Ingrid, then thirteen, and seven-year-old Lothar positioned themselves near the reservoir at the back of the camp, directly opposite the front gate, and followed the progress of the work from the water’s edge.

The first step was to dredge the existing reservoir. Lavender-colored water hyacinths choked the reservoir with their long, spongy stalks. The Germans provided most of the slow, difficult labor, using shovels and wheelbarrows to remove the mud.

One afternoon, Ingrid and Lothar watched as teams of workers brought two fifty-five-gallon drums to the banks. Armed with long-handled sticks with hooks on the ends, the men waded into the muddy water and fished out snakes, many of them deadly water moccasins. The grotesque sight of the fat bodies of the snakes writhing in the air terrified Ingrid. She and Lothar watched rapt as the men dropped the snakes into the large drums. After the job was done, the men took out hunting knives, split the snakes, gathered the skins, and spread them in the hot sun to dry. Later, the men made belts out of these skins.

It took six months to complete the pool, a gleaming, giant oval 250 feet in diameter with a shallow end for young children. After concrete was poured into the space, the pool was filled with clean water, the water dark at the deep end. The internees had created an oasis in the drought-ridden landscape. If Egypt had the Nile, Crystal City had the swimming pool—something concrete, literally and metaphorically, that made life more bearable.

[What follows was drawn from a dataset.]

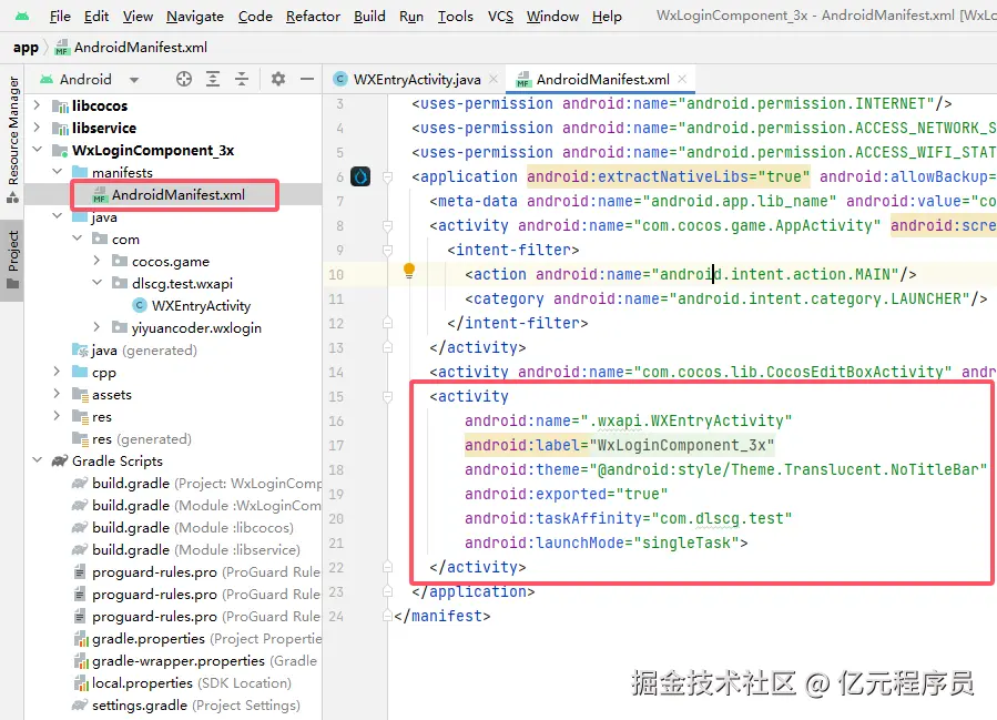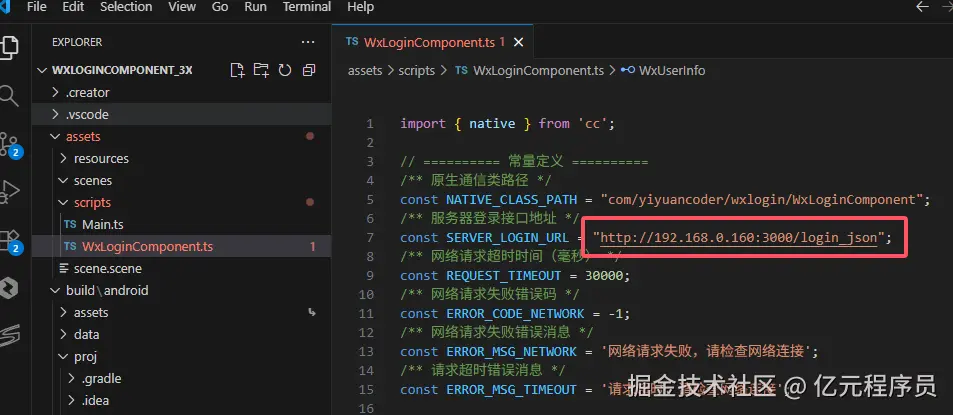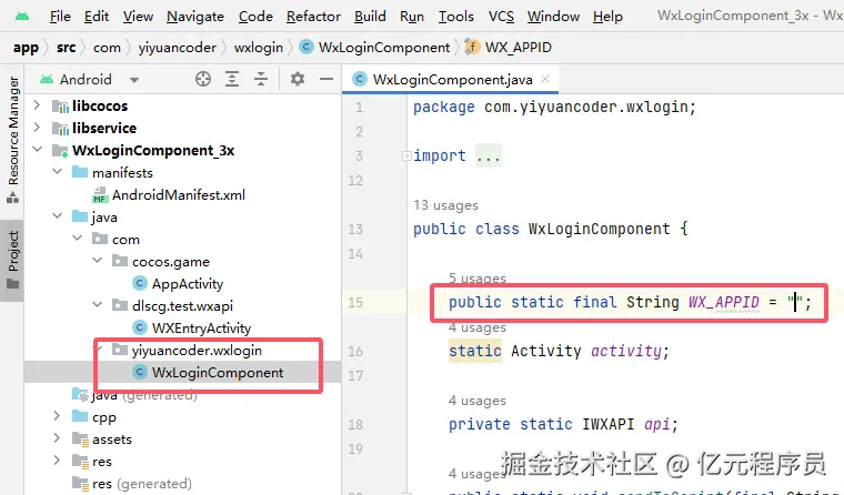 创建WxLoginComponent用于与Cocos交互,填写好自己游戏的WX_APPID。

For Ingrid, the swimming pool presented an emotional conflict. The long hours she spent there, watching over Lothar and Ensi, were a glorious respite from the heat. Yet she remembered that Mathias had always planned to build a swimming pool on the top of the homestead in Strongsville. To him, a swimming pool was a symbol of American acceptance and affluence. But the pool he helped build for Crystal City was altogether different: a symbol of internment, as palpable as the flag.